Пошел четвертый год моей службы и в напряженные весенние дни начала новой флотской кампании мне вдруг передали письмо с незнакомым почерком на конверте. В нем очень мило и очень мягко попрекалось мне, почему не я первый написал. Не знаю: почему? Хотя эта мимолетная встреча не оставляла меня. Как-то самокритично полагал: зачем я ей, далекий и незнакомый матросик. Общенародная репутация подобных встреч-налетов не очень-то уважительная. Что греха таить, и я в том повинен… Просто прелесть, нежность и чистота этого милого создания исключали в моем понимании стандартную матросскую, так называемую, любовную интрижку.
Вот и завертелась конвертная метель на перегоне Челябинск-Владивосток и обратно. Жизнь, судьба подарили новый, доселе мне неизвестный интерес: ждать и писать, ждать- читать- писать. В нетерпении я торопил дни в смутном ожидании чего-то неизведанного в своей строго зарегулированной жизни военного моряка. Детство забрала и не вернула война, юность присвоил флот, а тут - солнце ясное! Как награда за все утраты. Жизнь в отдаленном (куда дальше!) и закрытом гарнизоне описана многими, но её подлинный ужас познаешь только собственной судьбой. Ах, письма, письма, это не просто исписанный листок….
В конце четвертого года службы в декабре у меня по плану второй отпуск. Конечно же, поделился с ней и тут же получил приглашение завернуть на пару дней в Челябинск.

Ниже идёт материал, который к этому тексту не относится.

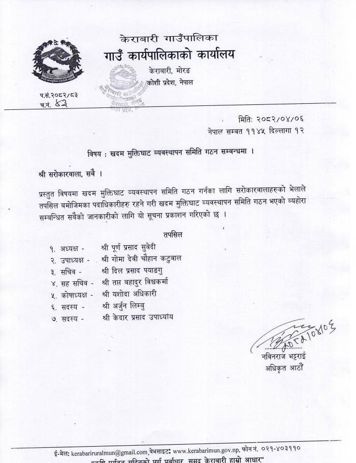 खदम मुक्तिघाट व्यवस्थापन समिति गठन सम्बन्धमा ।
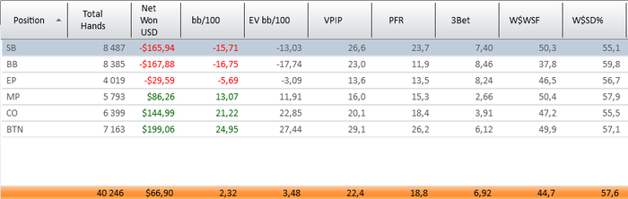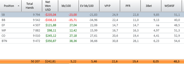 Как то тяжко было в этот месяц. Айпокер закрыл доступ для моей страны, выбор рума, ожидание кешаута, переживания. Но все прошло хорошо, выбрал ПС, посмотрим как пойдет. Пока вроде норм, если б не последние дни то винрейт был бы 8бб, а так стрикануло немного( Под поляну подстроился - это видно по 3бету и ввсф. Голд набил, бр хватает для нл25, но думаю еще поднабить подушку безопастности.

Зимы тех лет- бич железных дорог Сибири и Зауралья, поезда страшно опаздывали. Мой вместо дневного прибытия пришел в три часа ночи, я не ожидал в такое время встречи на перроне. Остаток ночи думал провести на лавке вокзала. Очень умеренное неудобство для служивого. Каково было мое изумление, когда с площадки вагона я увидел ее, насквозь промерзшую в черной Уральской ночи. Мы яростно кинулись друг к другу…. Пустые безжизненные улицы темного ночного города словно приютили нас и были не в тягость. Мы шли и говорили, говорили и говорили, словно опасаясь, что нас вот-вот разведут…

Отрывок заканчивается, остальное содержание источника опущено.